Source: vsanSparse Snapshots
Using SESparse with a new block allocation size of 4KB, the 4KB I/O from the Guest OS will use a single block in the VMDK, which in turn will use a single VMFS block (1 MB), and generate a single I/O to the array.
Source: vsanSparse Snapshots
2. Examination of 4KB Alignment Effect
The graphs below illustrate the performance of VMFSsparse and SEsparse delta-disks compared against the thin VMDK when processing blocks with different sizes generated by IOMeter.
Source: SEsparse in VMware vSphere 5.5
Thin random write performance is the lowest across all the data points because for the thin case, we first zero the blocks before writing actual data. This is because VMFS allocates blocks at a 1MB granularity while only part of that area may be filled with real data. Zeroing prevents applications from reading sensitive residual data from an allocated 1MB region of the physical media. In contrast, when reading from SEsparse and VMFSsparse formats, allocations happen in much smaller block sizes, namely 4KB and 512 bytes, respectively, and therefore there is no need to zero the blocks if I/O is at least 4KB and it is 4KB aligned (for the other cases, we do a read-modify-write operation).
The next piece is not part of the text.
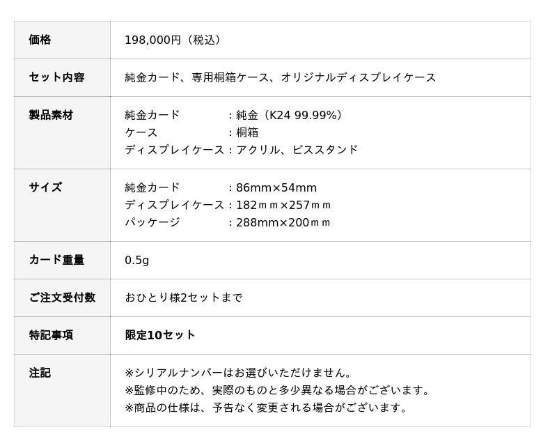 本カードは限定10セットの50thメモリアルコンプリートセット(全3種各1枚入り)の各種10枚を含め、合計各50枚のみの限定販売。

SEsparse performs far better than the thin and VMFSsparse formats in the case of random writes. This is because SEsparse implements intelligent I/O coalescing logic where these random I/Os are coalesced into a bigger I/O and the disk controller does a better job of scheduling these I/Os for better performance. Note that SEsparse performs on par with or better than VMFSsparse only in cases when the I/Os are aligned to 4KB boundaries. This is because for I/Os smaller than 4KB, or if an I/O is not aligned to the 4KB boundary, writes to SEsparse can result in a read-modify-write operation, increasing overhead. However, almost all file systems and applications are 4KB aligned and therefore SEsparse performs well in common use cases.
vSANSparse Snapshot
vSANSparse, introduced in vSAN 6.0, is a new snapshot format that uses in-memory metadata cache and a more efficient sparse filesystem layout; it can operate at much closer base disk performance levels compared to VMFSsparse or SEsparse.
When a read I/O request arrives at Virtual SAN, the snapshot logic traverses through the levels of the snapshot tree and composes the information as to which Virtual SAN object and what offset contains the data requested. This addressing information is then cached in the Virtual SANsnapshot metadata cache. The snapshot metadata cache exists in memory, and it is critical to the read performance of snapshots. This is because, for every miss in this cache, the address information has to be obtained by traversing through multiple levels of snapshot, which increases latency. This cache also prefetches the addressing information so that workloads with localized access patterns can benefit. This metadata cache, however, is limited in size and is shared across VMDKs that are open in the system. Therefore, when the cache is full, the least recent address information is flushed out.
The figure below shows the impact of the Virtual SAN read cache hit rate on snapshot performance.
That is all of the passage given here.